Monday, July 6, 2009

Debt-heavy Univision survives the punches, at least for now

By Meg James

The Spanish-language broadcaster has blunted blows dealt by the economic recession and the company's legal battle with programming giant Grupo Televisa, but stopgap measures aren't solutions.

When Spanish-language broadcasting giant Univision Communications Inc. was sold for $13.7 billion three years ago, the highly leveraged deal was, in the words of one veteran banker, "priced for perfection."

Given the $10 billion in debt the buyers were assuming, the slightest hiccup in the company's financial performance would have a cascading, negative effect.

The buyers, a consortium of investors including entertainment mogul Haim Saban, were counting on several factors to justify the steep purchase price: The nation's exploding Latino population and the popularity of Spanish-language programming, coupled with the promise of robust advertising growth. They expected to hold the assets for a few years and then sell them at a tidy profit.

One thing the buyers have learned: It's not a perfect world.In the two years since the buyout, the economy has collapsed, dragging down advertising to media companies. Adding to the economic distress, Univision, owner of KMEX-TV Channel 34 in Los Angeles, has been mired in a costly legal battle with its primary programming partner.

The big payday for Univision's owners, which include a group of well-heeled private equity firms, seems further away and far less certain. So instead of riding a high wave to easy profits, Univision executives have been working furiously to dig Univision out of its hole. During the last year, the broadcaster has written down assets by $5.3 billion, and some industry insiders now believe the nation's largest Spanish-language media company is worth closer to $9 billion -- slightly less than what it owes."This is about survival," said Sean Mathis, a partner at New Centurion Capital Partners, a New York investment bank that specializes in restructurings, but is not involved with Univision. "They have to service all of this debt that they put on the company, and they are not generating the cash flow they need."

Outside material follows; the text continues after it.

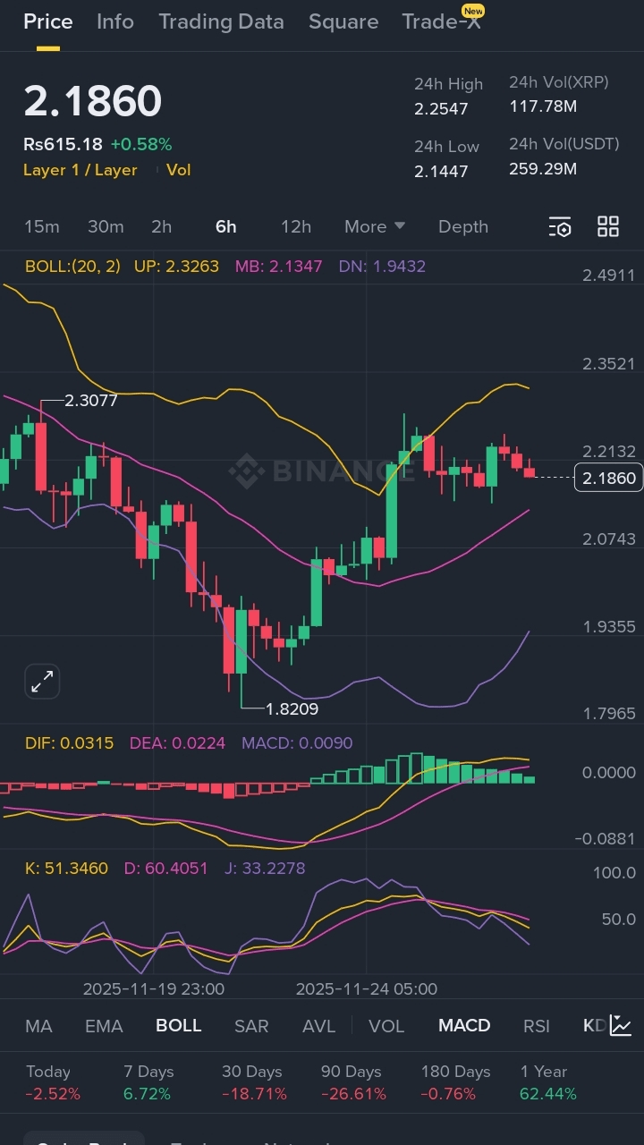 XRP $XRP 正在显示出在阻力位后的疲弱,随著低点形态的形成,价格回落至下降趋势线内部。这一动作使得多头动能完全失去力量,卖家在2.30附近重新回到市场。最小阻力的路径指向1.90-2.00,除非多头突破这个障碍。 📉

In recent months, Univision has been busy putting out fires on multiple fronts to shore up its finances and to protect its programming pipeline. In January, it settled a nagging lawsuit brought by its longtime programming partner, Grupo Televisa of Mexico, which had threatened to strip Univision of its most popular and profitable shows. The resolution guaranteed Univision the right to broadcast Televisa's hugely popular soap operas, including "Cuidado con el Angel," through 2017.

Two weeks ago, Univision bought itself breathing room by refinancing $500 million in debt, pushing back the due date by three years to 2014. The extension means that Univision no longer has to worry about burning through its cash within the next two years. And during the last few months, Univision achieved one of its highest priorities --
getting cable and satellite TV operators to pay the company to carry its programming.

The agreements with Time Warner Cable Inc., DirecTV Corp., AT&T Inc. and others should bring Univision $175 million this year, and as much as $350 million annually by 2014. The cable subscriber fees helps Univision diversify its revenue and, for now, make up for the decline in ad revenue.

Univision's chief financial officer, Andrew Hobson, said the company's actions during the last six months had put it on a stronger footing and should allow it to weather other economic storms."Our balance sheet is now bulletproof for even the most draconian scenarios," Hobson said. "We don't feel that we have covenant risks or liquidity risks for at least another five years."Still, credit rating agencies worry that Univision could default on its loans that total $9.7 billion. "This clears the runway a little bit for them, but we still have concerns about their liquidity and their ability to make their debt amortization payments ," said Standard & Poor's credit analyst Michael Altberg, who acknowledged that Univision had bolstered its position. "Before their credit amendment, they didn't have that much of a cushion." Barclays Capital debt analyst Andrew Finkelstein said Univision executives did "exactly what they needed to do for now."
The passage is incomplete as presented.